Votação majoritária e proporcional

O sistema eleitoral brasileiro possui dois modelos de votação: o majoritário e o proporcional. Para os cargos do Poder Executivo, isto é, presidente, governadores, senadores e prefeitos, é utilizada a votação majoritária. Para os do Poder Legislativo, deputados federais, estaduais, distritais e vereadores, é utilizada a votação proporcional.

A votação majoritária é mais simples. O voto do eleitor é dado nominalmente, ou seja, é específico para um determinado candidato. Nessa modalidade, a pessoa que conquista a maioria absoluta dos votos (50% + 1) é eleita. O segundo turno se condiciona à situação em que nenhum candidato alcançou mais de 50% do eleitorado, conforme explica o Dr. Hugo Frederico Vieira Neves, assessor jurídico do Tribunal Regional Eleitoral de Santa Catarina (TRE-SC), em entrevista concedida ao Portal Catarinas.

É importante lembrar que, na votação majoritária, apenas os votos válidos são contabilizados, isto é, os votos nulos e brancos são desconsiderados. Assim, votos nulos e brancos podem interferir indiretamente nas eleições, pois, sendo inválidos, diminuem o número total de votos válidos. Com menos votos válidos, é mais fácil atingir a maioria absoluta (50% + 1) necessária para um candidato se eleger.

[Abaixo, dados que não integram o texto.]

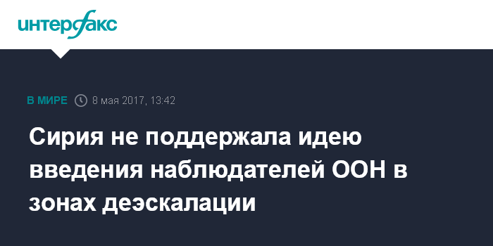 Москва. 8 мая. INTERFAX.RU - Министр иностранных дел Сирии Валид Муаллем высказался против введения механизма наблюдателей ООН в зонах деэскалации, которые были определены на последней встрече в Астане, сообщают арабские СМИ.

Atenção! Votos nulos, além de não anularem as eleições, favorecem indiretamente o candidato mais votado (isso vale para os votos em branco também).

Há um vídeo famoso de bolsonaristas arrependidos que afirmavam que se a eleição fosse hoje, entre Bolsonaro e Haddad (PT), anulariam o voto no 2º turno ao invés de votarem no Bolsonaro. Bem, eles continuariam ajudando a eleger Bolsonaro. Por isso, na sua cidade, pense muito bem antes de anular o voto para prefeito neste ano. Você pode colaborar com a vitória de um fascista.

Já na votação proporcional, o eleitor pode votar em determinado candidato específico (digitando o número completo na urna) ou simplesmente no número do partido (voto de legenda). Nesse modelo, conforme elucida o Dr. Hugo Neves, os eleitos são apurados a partir do quociente eleitoral e do quociente partidário, formando-se a lista aberta.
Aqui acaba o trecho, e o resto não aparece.